Another solution would be to add an argument to the internal read call ("do not 
block") however it would change the API for the internal stream api, and would 
require the argument to be handled into each stream wrapper.
 [2010-03-11 16:51 UTC] lbarnaud@php.net
-Status: Open +Status: Feedback
 [2010-03-11 16:51 UTC] lbarnaud@php.net
> When data is already available in buffer, an information should be passed to the lower-level read() to let it know it should not block.

This will block anyway when the buffer is empty and you won't be able to known when it is empty, so you can't rely on this (sometimes it will block, sometimes not).

Also, some applications may rely on the blocking and will break if it is changed. This behavior exists since at least PHP 5.1.

> Considering any application handling data from network should handle cases when received data is not complete

As this is not the normal case I would suggest to introduce some timeout handling (this is what applications like e.g. Apache does, I guess), or fixing what prevents you from using non blocking i/o with SSL streams instead.
 [2010-03-11 20:26 UTC] magicaltux@php.net
> This will block anyway when the buffer is empty and you won't be able to known 
when it is empty, so you can't rely on this (sometimes it will block, sometimes 
not).

PHP always calls poll() before read, so it knows if there is nothing to read. 
stream_select() will return the socket as "ready" if there is data pending in 
php buffer (even if there's no data on the socket), just so we can read it.

> Also, some applications may rely on the blocking and will break if it is 
changed. This behavior exists since at least PHP 5.1.

fread() manual explicitly warns about this:

When reading from anything that is not a regular local file, such as streams 
returned when reading remote files or from popen() and fsockopen(), reading will 
stop after a packet is available. This means that you should collect the data 
together in chunks as shown in the examples below.

On the contrary, using blocking streams together with stream_select() may lead 
to async program blocking because stream_select() saw there was pending data, 
but a new packet will not arrive anytime soon.

> As this is not the normal case I would suggest to introduce some timeout 
handling (this is what applications like e.g. Apache does, I guess), or fixing 
what prevents you from using non blocking i/o with SSL streams instead.

It is the normal case to receive less than expected data as documented on the 
php manual.
Apache (or any correctly coded networking app) does not uses timeouts (except to 
detect dead clients), instead it uses read() which is reliable (ie. not hang 
when there is data that can be returned).
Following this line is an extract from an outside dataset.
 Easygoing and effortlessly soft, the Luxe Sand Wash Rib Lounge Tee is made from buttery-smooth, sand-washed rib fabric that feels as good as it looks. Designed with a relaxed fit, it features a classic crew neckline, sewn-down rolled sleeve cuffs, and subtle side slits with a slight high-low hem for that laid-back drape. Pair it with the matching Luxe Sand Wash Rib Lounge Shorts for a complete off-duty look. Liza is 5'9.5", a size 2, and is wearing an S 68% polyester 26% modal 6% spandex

By the way I have looked at what causes the problem I have with SSL streams, and 
it could be worked around by switching the streamd between blocking mode and 
non-blocking mode depending on the situation, however I would prefer to avoid 
that (and it doesn't change the fact that fread() does not comply with what is 
expected from it, both from read() syscall behaviour and php's manual)
 [2010-03-11 21:23 UTC] lbarnaud@php.net
> Apache [...] uses timeouts [...] to detect dead clients

This is what I was meaning :) (and I though you was meaning this too : "application handling data from network should handle cases when received data is not complete")
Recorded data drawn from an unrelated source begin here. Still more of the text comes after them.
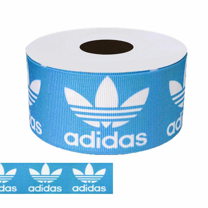 Fita estampada de gorgurão com 10 metros de fita de 38mm de largura, feita totalmente de poliéster, as fitas de gorgurão estampada são resistentes e ótimas para a criação de laços personalizados, alças, embalagem de presente e artesanato em geral possuindo uma variedade de estampas infinitas! Modelo Adidas Azul MF. 04 38mm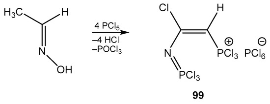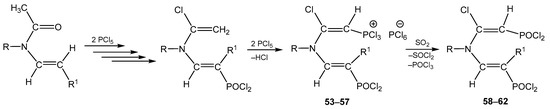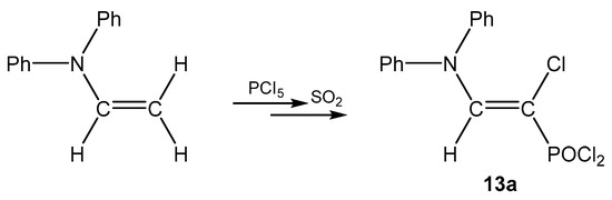 - Rozinov, V.G.; Izhboldina, L.P.; Malysheva, S.F.; Donskikh, V.I.; Kalabina, A.V. Phosphorylation of N-vinylacetanilide with phosphorus pentachloride. Russ. J. Gen. Chem. 1983, 53, 934–935. (In Russian) [Google Scholar]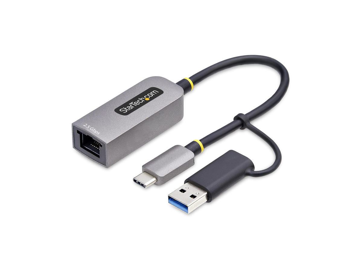 Add 2.5GbE network access to a laptop, tablet, or iPhone using an available USB Type-C or Type-A port. This USB 3.0 Type-C to Gigabit network adapter doubles your network performance on existing Cat5e cables, so there is no need to change or add to existing cabling infrastructure. This versatile adapter features a built-in 6in (15cm) USB cable and is bus-powered, drawing its power directly from the computer's USB port, reducing clutter and simplifying setup by eliminating the need for an external power adapter.

Dead clients, or situations like this are not the "normal case", and sometimes this can be handled with timeouts.

If you are in situations where this is the normal case, one solution is to use non blocking streams.

The following code does exactly what you are asking for (if there is something to read, return it; else, block) :

stream_set_blocking(..., 0);
while (stream_select(...)) {
  $data = fread(...);
}

If it does not works with SSL streams, then SSL stuff should be fixed instead.
 [2010-03-11 21:39 UTC] magicaltux@php.net
I still believe fread() should not hang when it has data it can return. The C 
counterpart doesn't, and the manual says it doesn't.

Regarding test 51056-2.phpt.txt the manual explicitly says that this *can 
happen* on anything else than files (read warning in example #3 on 
http://php.net/fread )

While I understand your concern for people who might be relying on current bogus 
behaviour I find this very unlikely considering network streams are subject to 
lags and different kinds of behaviour due to the large amount of tcp 
implementations on internet.

In the worst case, the manual explicitly warns against relying on fread() 
returning as many bytes as requested, and says buffering must be used.
 [2010-03-11 22:03 UTC] lbarnaud@php.net
-Type: Bug +Type: Documentation Problem
 [2010-03-11 22:03 UTC] lbarnaud@php.net
> I still believe fread() should not hang when it has data it can return.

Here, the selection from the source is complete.